- Supply chains based on modern slavery may reach into the West
- Liverpool to use blockchain technology to become world’s first climate-positive city
- Oil majors win dismissal of New York City climate lawsuit
- Theresa May confirms UK will publish an Environment Bill
- Burberry burns bags, clothes and perfume worth millions
The Global Slavery Index, compiled by the Walk Free Foundation, has reported that G20 countries annually import more than £272 billion of products from places with a high prevalence of modern slavery. According to the Economist, modern slavery is often seen as a problem that is limited to poor countries, but in reality forced labour in the developing world feeds into supply chains that lead to the West. “The prevalence of modern slavery is driven through conflict and oppression, but it’s also derived in more developed countries by consumer demand,” said Fiona David, executive director of research at the Walk Free. Despite a G20 pledge to police human rights abuses in supply chains last year, 12 of the G20 countries were found to have taken no action to stop businesses from sourcing goods made by slave labour. The study found that 40.3 million people are in modern slavery in 2016, 71% are woman. Specifically concerning the UK, it was found that an estimated 136,000 people in the UK live as slaves, a number 12 times higher than the official government figure of 13,000. (The Guardian; CNN)

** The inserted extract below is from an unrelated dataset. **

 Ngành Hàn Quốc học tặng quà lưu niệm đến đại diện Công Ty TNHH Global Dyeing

The UK’s Liverpool City Council has announced a new partnership with a blockchain platform company, the Poseidon Foundation, to offset more than 110% of its carbon emissions, with the city announcing its bid to become the world’s first climate-positive city by the end of 2020. Liverpool is striving to reduce its carbon impact by 40% by 2030 and is currently installing more than 15,000 energy saving LED streetlights across 2,000 streets to reduce streetlight energy consumption by 82%. Blockchain is viewed as one of the “essential eight” emerging technologies by PwC that will play a crucial role in tackling issues around climate and biodiversity. Poseidon’s, Laszlo Giricz said: “This is a ground-breaking partnership not just for Poseidon and Liverpool, but globally. For the first time, a city will use blockchain technology to go beyond rebalancing its carbon footprint – leading the way in the fight against climate change.” (Edie)

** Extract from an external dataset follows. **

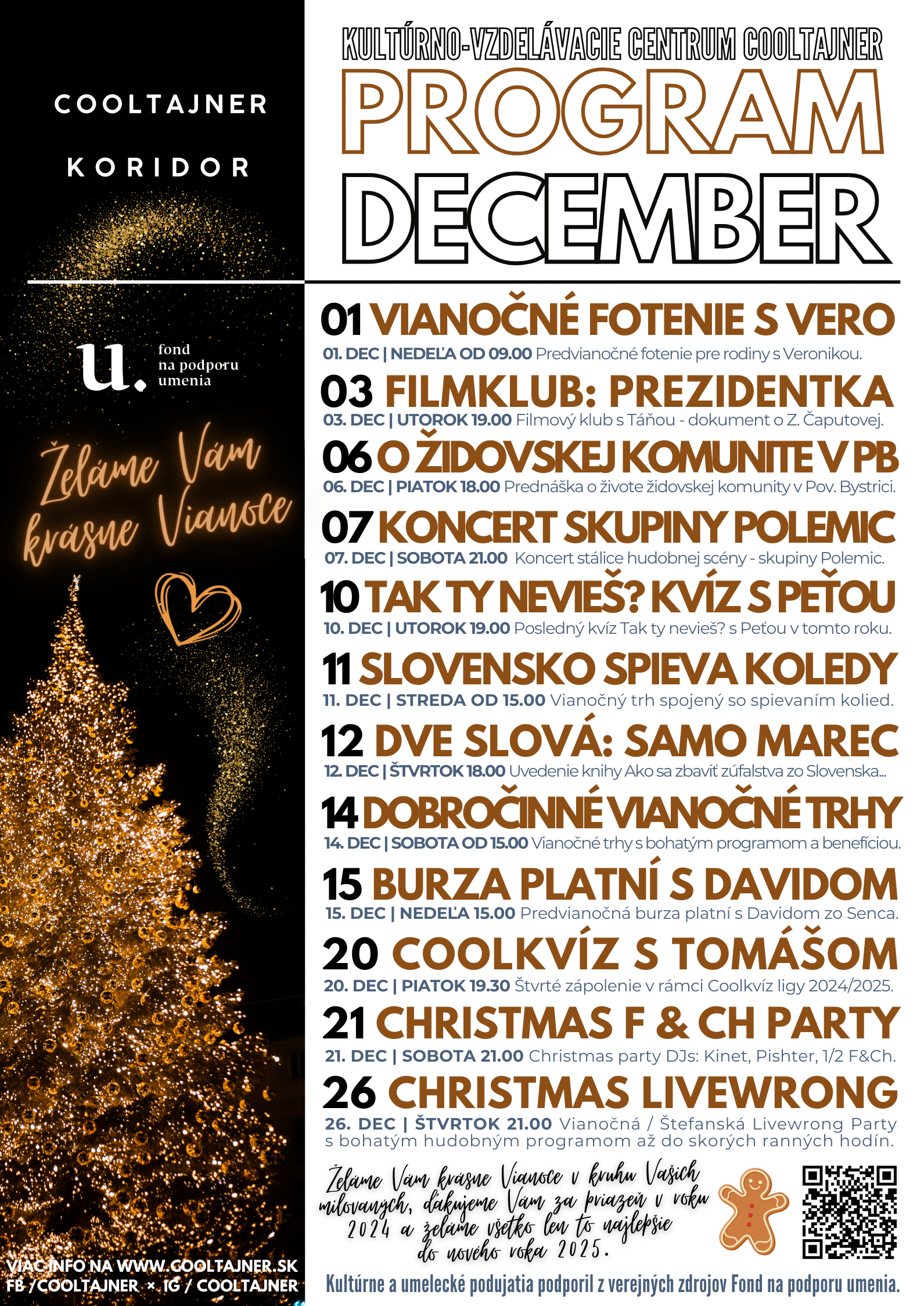 Pozývame vás na decembrový program v kultúrno-vzdelávacom centre Cooltajner.

U.S. District Judge, John Keenan, dismissed a lawsuit by New York City seeking to hold major oil companies liable for climate change caused by carbon emissions from burning fossil fuels. Keenan’s stated his reasoning was. “climate change must be addressed through federal regulation and foreign policy.” The city said claims the companies including, Chevron Corp, BP Plc, ConocoPhillips, Exxon Mobil Corp and Royal Dutch Shell Plc, knew for years that carbon emissions caused global warming, yet they promoted fossil fuels while pushing public relations efforts to discredit science on the risks of climate change. The oil companies moved to dismiss the case on numerous grounds, including that the federal Clean Air Act authorizes only the Environmental Protection Agency to bring lawsuits over pollution. Shell, Exxon and ConocoPhillips all said they were pleased with the court ruling. (Reuters)

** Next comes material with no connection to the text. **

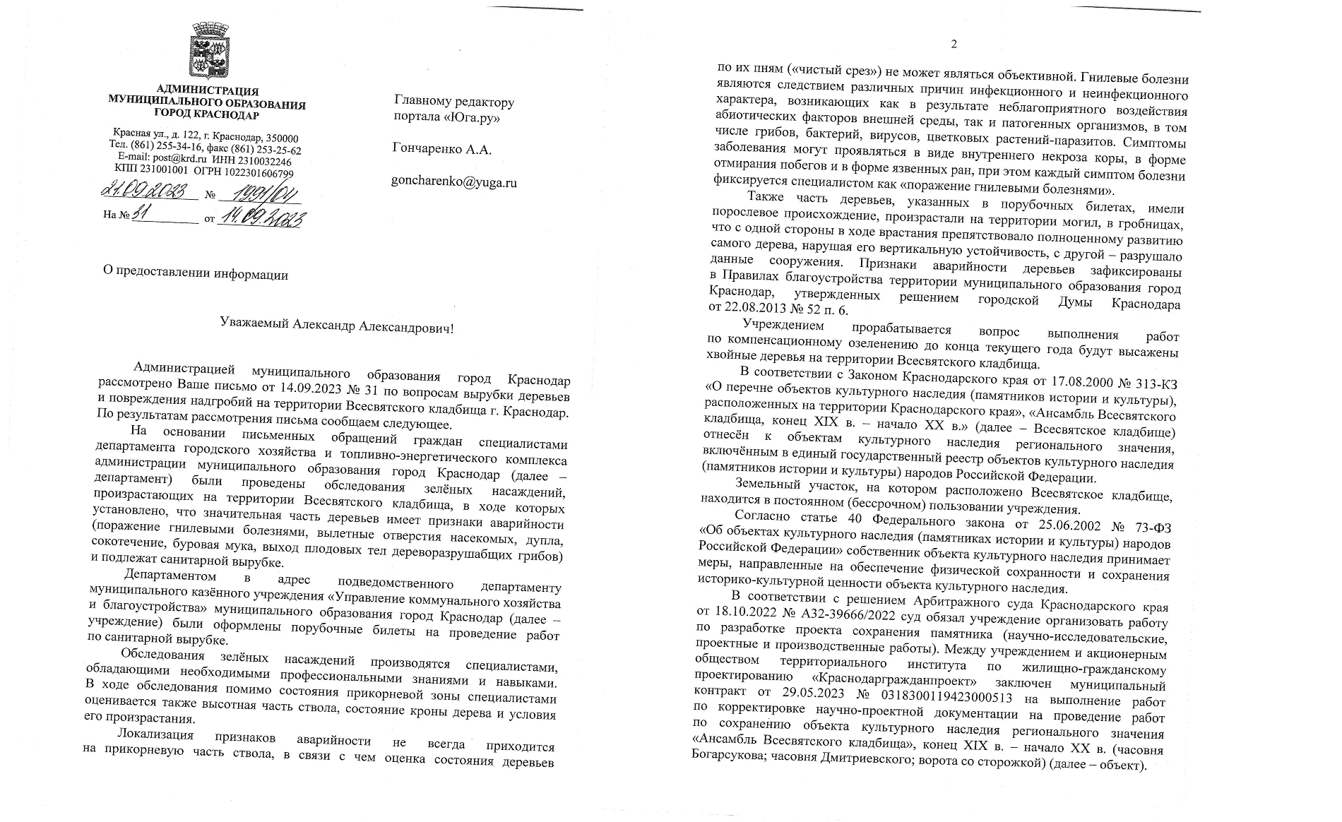 22 сентября заместитель главы Краснодара Владимир Архипов ответил Юга.ру о принципах выдачи порубочных билетов, пояснив, что «чистый срез» пней спиленных деревьев не свидетельствует о их здоровье. Архипов уточнил, что специалисты департамента городского хозяйства и топливно-энергетического комплекса обследовали деревья на Всесвятском кладбище по обращениям граждан и заключили:

UK Prime Minister, Theresa May, has announced that the government will introduce a new Environmental Bill. ““There hasn’t been an Environment Act since 1995, and so we want to bring forward an Environment Bill that will incorporate a range of issues, May said May was pressed on a range of issues including the VW emissions scandal and post-Brexit environmental standards, considering the US and Germany have already taken steps to eliminating the issue by heavily fining the “cheat devices” company. May stressed that the Department for Transport was “looking at this issue” and was in talks with VW on the matter. WWF chief executive Tanya Steele commented in favour of the bill stating, “This is incredible news from the government and we look forward to seeing the details they set out to improve the environment for the next generation, and to getting a Bill soon.” (Edie)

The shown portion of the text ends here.